**PROBLEM**
The answer should be the records below, word for word, with every image left out.

Items from a dataset
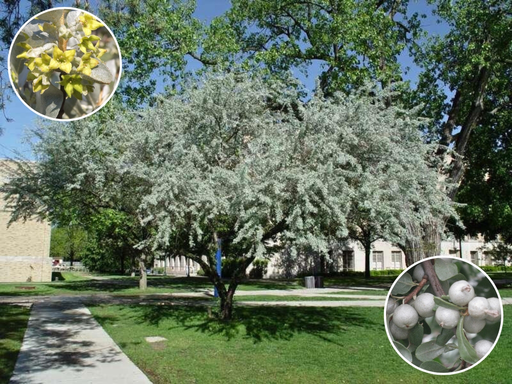Лох серебристый (Elaeagnus commutata) - это удивительное по всем параметрам дерево. Оно растет там, где другие не могут: на солончаках, в жарких засушливых регионах, где солнце сжигает всю растительность, он не реагирует на загазованность города, да и крайне бедные земли он вполне озеленяет. К тому же, что ОЧЕНЬ ВАЖНО, лох серебристый, так же как и бобовые, способен фиксировать азот. А это значит, что земли и растущие рядом растения обогащаются этим элементом. Даже были исследования, которые говорят о том, что урожайность растений, соседствующих с лохом, увеличивается на 10%. Так что с уверенностью можно сказать что это дерево крайне полезное. Растение можно выращивать деревом до 4 м, но также и высокорослым кустарником. Последние подтверждаемся обильной корневой порослью, которую придётся удалять.
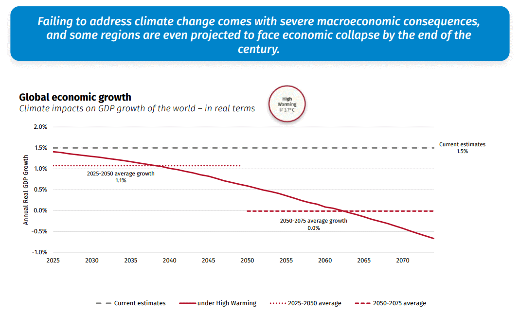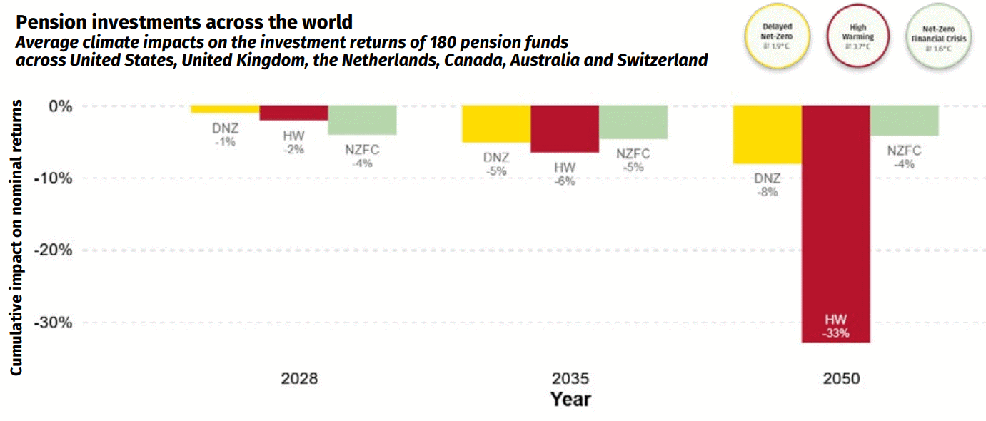 Investeringsrådgiver Ortec Finance har publisert rapporten Translating the cost of climate change for the global pension industry: 2025 update. Høy global oppvarming kan radere bort 33 prosent av avkastningen til pensjonsfond globalt innen 2050, før det tas hensyn til inflasjon. Høy global oppvarming er her 3,7 grader. Verdens BNP i 2050 kan i et slik scenario skyves ti prosent under gjeldende anslag. Mellom 2050 og 2075 kan BNP-vektsten stanse helt. En ordnet klimaomstilling ("Delayed Net Zero") gir minst fall i avkastningen på kort sikt. Scenarioet "Net Zero Financial Crisis", hvor økonomien brått skiftes bort fra forurensende løsninger, gir noe lavere avkastning på kort sikt, men klart høyest på lang sikt. Allerede i 2035 vil avkastning i et slikt scenario være høyere enn "High Warming"-scenarioet3.
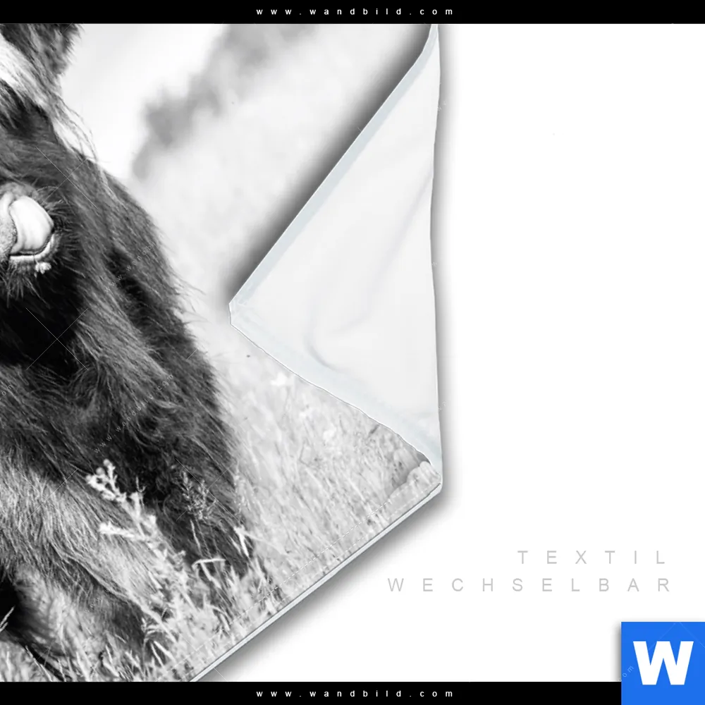 Wechselmotiv Textil | Hochlandkuh auf einer Wiese | Querformat
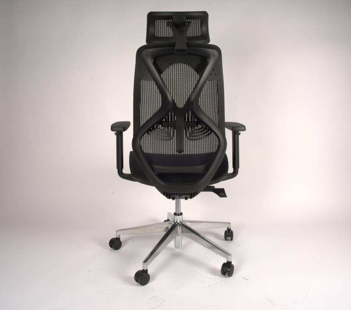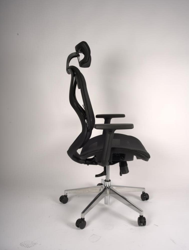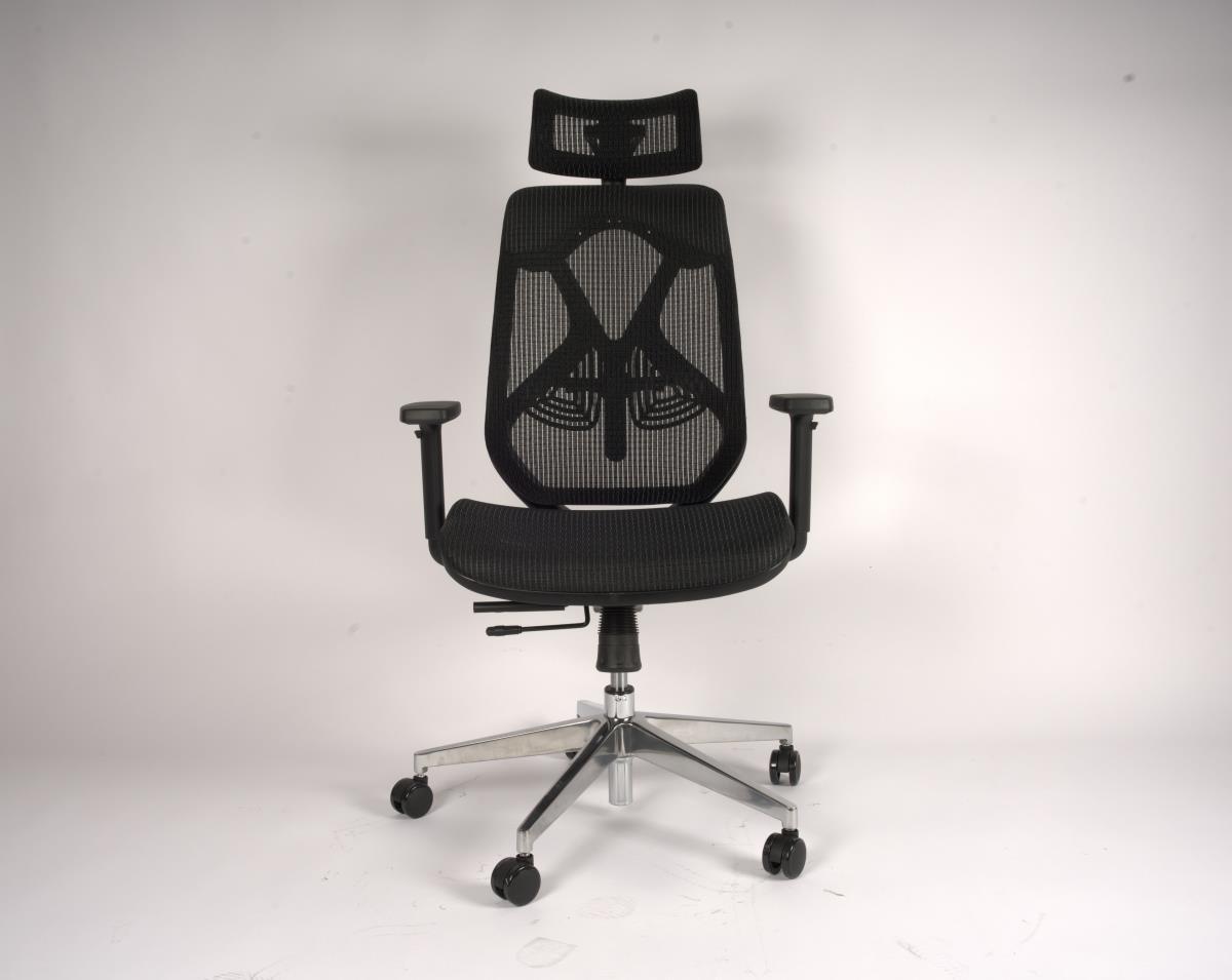 1x Ergo bureaustoel, model: 1 , kleur: zwart, eigenschappen: 100% ergonomisch; zitting gestoffeerd en rugleuning van mesh, zitting in hoogte en diepte verstelbaar, rug in hoogte verstelbaar, meebewegende lendensteun, extra verzwaard, Dit betreft een nieuw product.
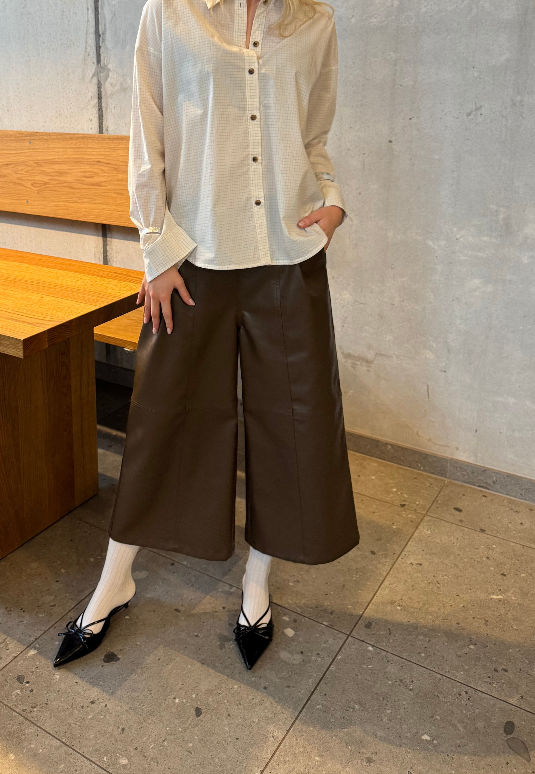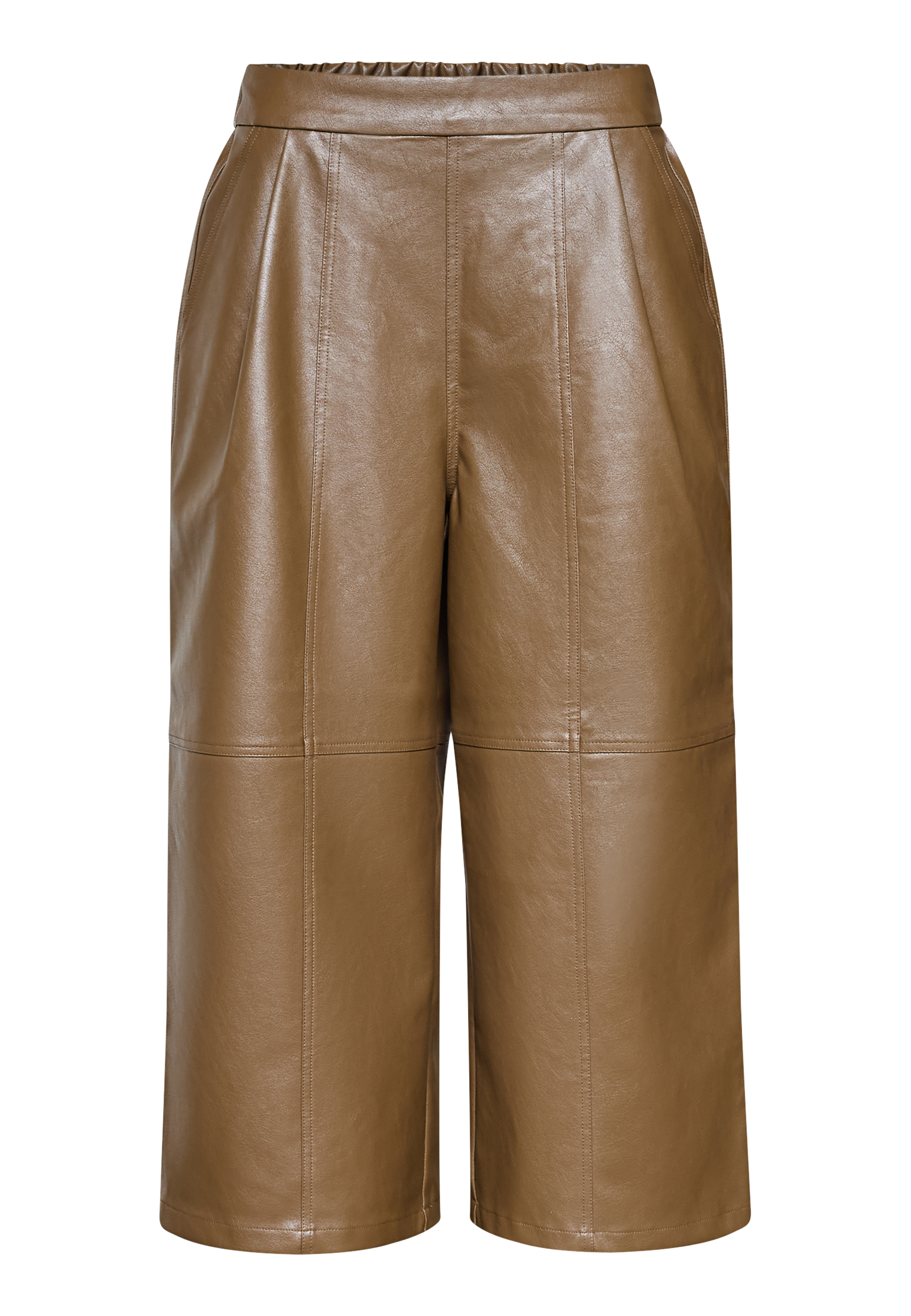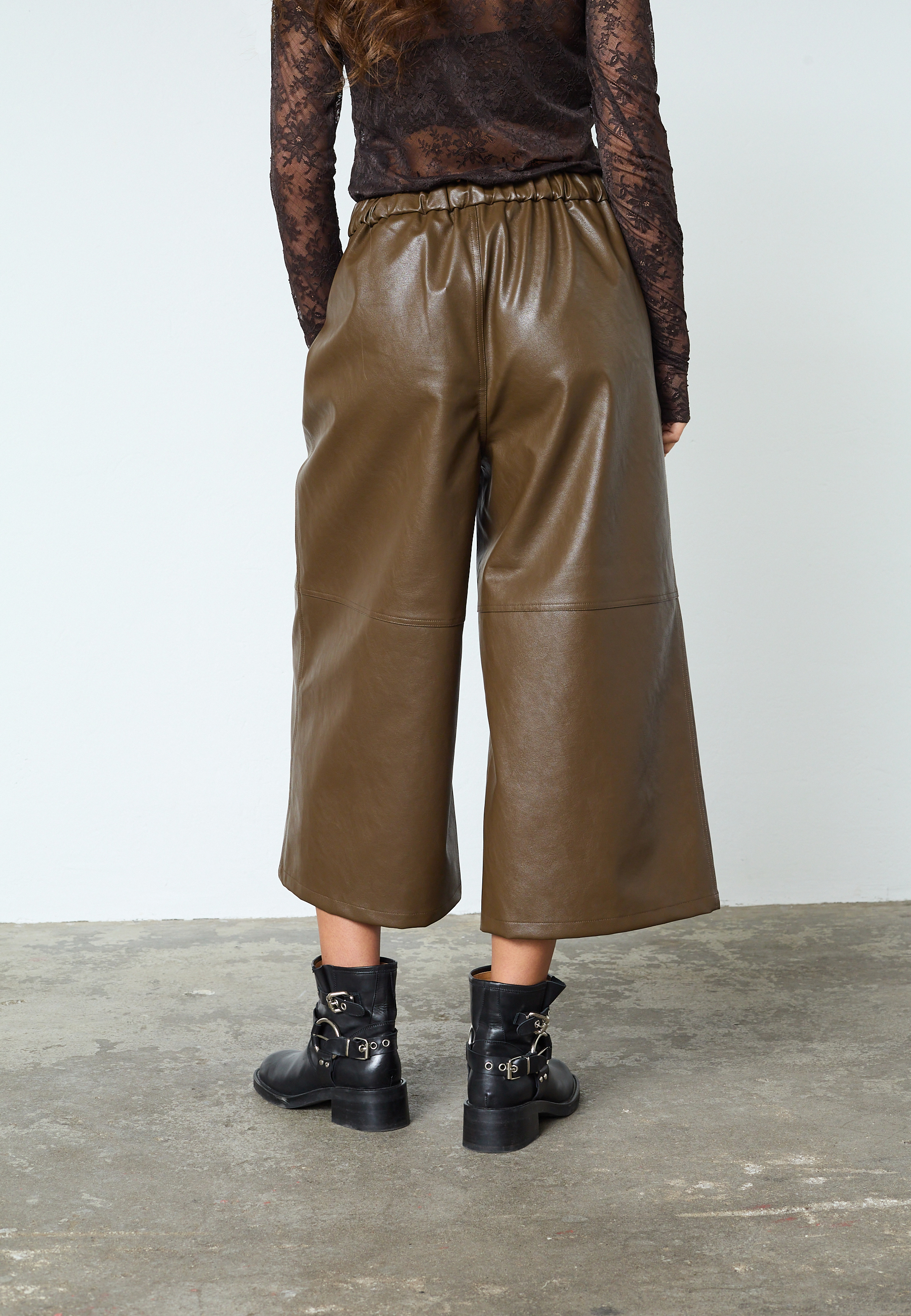 EMME-PA are a pair of culotte trousers in a leather-look.. They have a comfortable elastic waistband. The trousers have a relaxed fit and feature side pockets. The model is wearing a size S and is 175 cm tall.
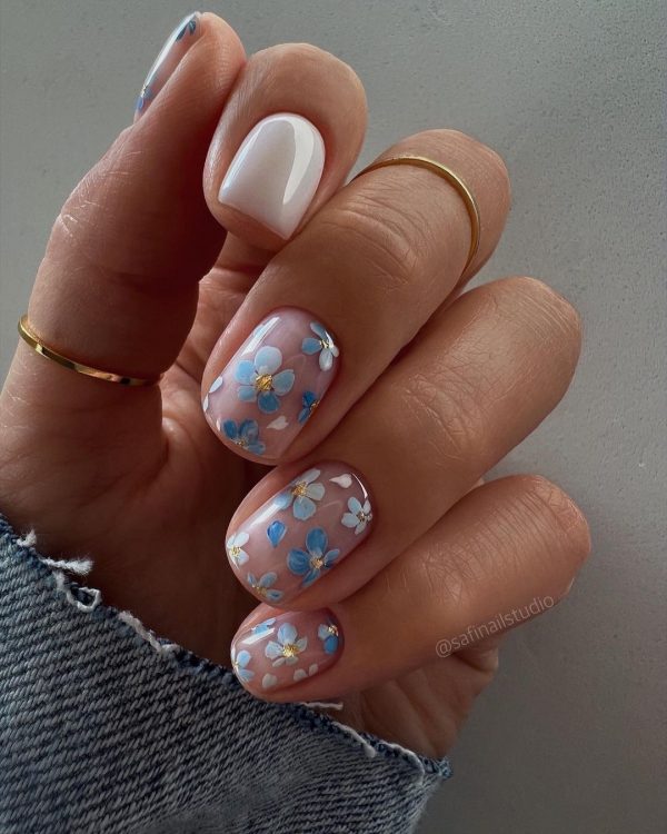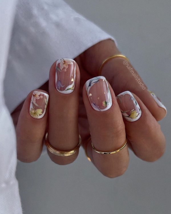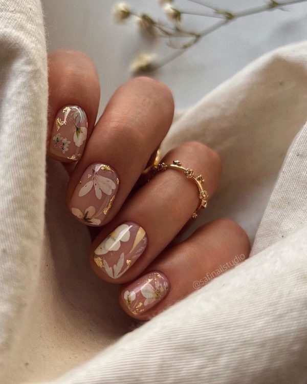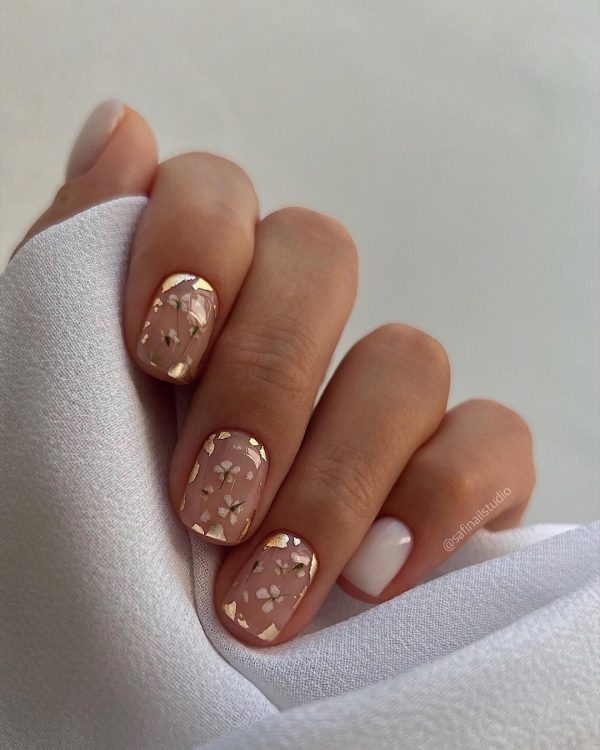Квітковий манікюр, незважаючи на осінній сезон, все одно має попит. Милі квіти, шикарні букети, яскраві композиції – вибирайте дизайн на короткі нігті, який хочеться вам. Єдина порада – робіть манікюр у приглушених кольорах лаку, щоб дизайн підходив до будь-якого образу на осінь.

**OUTPUT BELOW**
Лох серебристый (Elaeagnus commutata) - это удивительное по всем параметрам дерево. Оно растет там, где другие не могут: на солончаках, в жарких засушливых регионах, где солнце сжигает всю растительность, он не реагирует на загазованность города, да и крайне бедные земли он вполне озеленяет. К тому же, что ОЧЕНЬ ВАЖНО, лох серебристый, так же как и бобовые, способен фиксировать азот. А это значит, что земли и растущие рядом растения обогащаются этим элементом. Даже были исследования, которые говорят о том, что урожайность растений, соседствующих с лохом, увеличивается на 10%. Так что с уверенностью можно сказать что это дерево крайне полезное. Растение можно выращивать деревом до 4 м, но также и высокорослым кустарником. Последние подтверждаемся обильной корневой порослью, которую придётся удалять.
 Investeringsrådgiver Ortec Finance har publisert rapporten Translating the cost of climate change for the global pension industry: 2025 update. Høy global oppvarming kan radere bort 33 prosent av avkastningen til pensjonsfond globalt innen 2050, før det tas hensyn til inflasjon. Høy global oppvarming er her 3,7 grader. Verdens BNP i 2050 kan i et slik scenario skyves ti prosent under gjeldende anslag. Mellom 2050 og 2075 kan BNP-vektsten stanse helt. En ordnet klimaomstilling ("Delayed Net Zero") gir minst fall i avkastningen på kort sikt. Scenarioet "Net Zero Financial Crisis", hvor økonomien brått skiftes bort fra forurensende løsninger, gir noe lavere avkastning på kort sikt, men klart høyest på lang sikt. Allerede i 2035 vil avkastning i et slikt scenario være høyere enn "High Warming"-scenarioet3.
 Wechselmotiv Textil | Hochlandkuh auf einer Wiese | Querformat
 1x Ergo bureaustoel, model: 1 , kleur: zwart, eigenschappen: 100% ergonomisch; zitting gestoffeerd en rugleuning van mesh, zitting in hoogte en diepte verstelbaar, rug in hoogte verstelbaar, meebewegende lendensteun, extra verzwaard, Dit betreft een nieuw product.
 EMME-PA are a pair of culotte trousers in a leather-look.. They have a comfortable elastic waistband. The trousers have a relaxed fit and feature side pockets. The model is wearing a size S and is 175 cm tall.
Квітковий манікюр, незважаючи на осінній сезон, все одно має попит. Милі квіти, шикарні букети, яскраві композиції – вибирайте дизайн на короткі нігті, який хочеться вам. Єдина порада – робіть манікюр у приглушених кольорах лаку, щоб дизайн підходив до будь-якого образу на осінь.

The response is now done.